Data
The Ledger publishes machine-readable exports alongside the human-facing frontend. Everything here is derived from the public, anonymized tables (pub_incidents, pub_agency_scorecards, purge_events) — never raw names, never internal review queues. All fields are documented in the JSON Schema linked below.
Daily JSONL archive
Every row published through the SPEC §9 anonymization pipeline is dumped to newline-delimited JSON once a day at 08:30 UTC and committed to a public git repository. Forks of the full history are encouraged.
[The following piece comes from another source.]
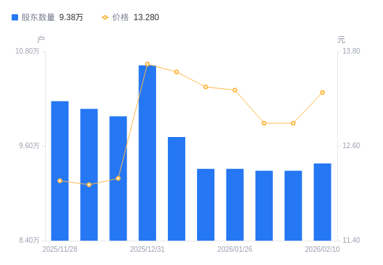 日期A股户数(户)流通A股户均持股数(股)户均持股市值(万元)2026-02-109380126461.7035.142026-01-319287526725.5334.452026-01-309287526725.5334.452026-01-269310626659.2235.482026-01-209310626659.2235.592026-01-099714125551.8634.602025-12-3110624323362.8031.872025-12-199977624877.0630.332025-12-1010072124643.6629.842025-11-2810168124410.9929.68
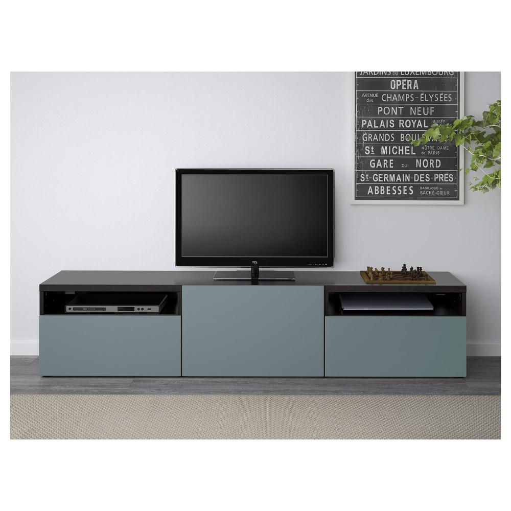 БЕСТО Тумба под ТВ, с дверцами - черно-коричневый/Вальвикен серо-бирюзовый, прозрачное стекло, 180x40x38 см, направляющие ящика, плавно закр 0.0/5 оценка (0 голосов)

Repository: https://github.com/policedata/archive
| File | Rows describe |
|---|---|
pub_incidents.jsonl | One anonymized disciplinary incident per line. Officer identity is an HMAC-SHA256 token stable within a salt epoch; dates are at quarterly precision. |
pub_agency_scorecards.jsonl | Per-agency transparency grade (A–F) plus finding rate, publication-ban rate, and purge count. Computed daily. |
purge_events.jsonl | Confirmed removals/redirects/content-deletions detected on oversight-body sources. Each row links to the agency and the archived copy where available. |
manifest.json | Export metadata: timestamp, per-file row counts, format version. Consumers should check row counts to detect partial writes before importing. |
Schemas
Byte-stable machine-readable schemas ship alongside every export. Consumers validate against these before import.
| File | What it is |
|---|---|
schema.json | JSON Schema draft 2020-12. $defs per table; additionalProperties: false everywhere so unknown columns fail validation. Embeds the SPEC §9.2 rules as patterns: incident_quarter regex rejects exact dates, k_anon_cohort has a minimum of 5. |
schema.jsonld | JSON-LD @context mapping field names to schema.org and the project vocab URI. Consumers speaking semantic-web tooling can treat the JSONL rows as linked data by applying this context. |
Coming later
- Weekly Parquet snapshot on a public MinIO bucket — faster ingest for pandas / polars / DuckDB than JSONL. Same rows, different wire format.
- Stable redirect URLs for individual purges so feed readers can deep-link. Currently RSS <guid> values are URN-form only.
Federation
Sister accountability projects are welcome to fork or mirror the archive. Schemas are designed to interoperate — agency IDs use stable slugs, officer tokens use a published HMAC algorithm, and incident types follow a documented controlled vocabulary. If you're building something that should pull from the Ledger, the editor welcomes outreach via the contact form.
Known downstream projects: Tracking (In)justice, CBC Deadly Force, Big Local News.
License and attribution
Archive content is released under Creative Commons BY 4.0. Attribution: "policedata.ca / The Ledger" with a link to this page. Every row carries a source_capture_id that traces back to the archived original document via Wayback — verify against that source before republishing.
The live API
No JSON API exists yet — the bulk export is the supported interface. A thin REST layer may land later for lower-latency lookups, but the publication cadence is deliberately lagged (SPEC §9.2 sets a 60-day minimum between disposition and publication), so real-time is not a design goal.